I came across these two lines (back-to-back) of code in a torch project:
im4[{1,{},{}}] = im3[{3,{},{}}]
im4[{3,{},{}}] = im3[{1,{},{}}]
What do these two lines do? I assumed they did some sort of swapping.
This is covered in indexing in the Torch Tensor Documentation
Indexing using the empty table {} is shorthand for all indices in that dimension.
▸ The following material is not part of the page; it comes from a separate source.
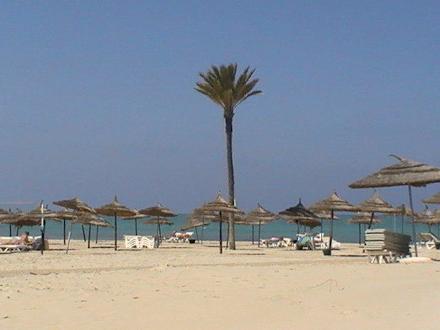 Die einzige Palme am Sandstrand von Djerba

Below is a demo which uses {} to copy an entire row from one matrix to another:
> a = torch.Tensor(3, 3):fill(0)
0 0 0
0 0 0
0 0 0
> b = torch.Tensor(3, 3)
> for i=1,3 do for j=1,3 do b[i][j] = (i - 1) * 3 + j end end
> b
1 2 3
4 5 6
7 8 9
> a[{1, {}}] = b[{3, {}}]
> a
7 8 9
0 0 0
0 0 0
This assignment is equivalent to: a[1] = b[3].
Your example is similar:
im4[{1,{},{}}] = im3[{3,{},{}}]
im4[{3,{},{}}] = im3[{1,{},{}}]
which is more clearly stated as:
im4[1] = im3[3]
im4[3] = im3[1]
The first line assigns the values from im3's third row (a 2D sub-matrix) to im4's first row and the second line assigns the first row of im3 to the third row of im4.
Note that this is not a swap, as im3 is never written and im4 is never read from.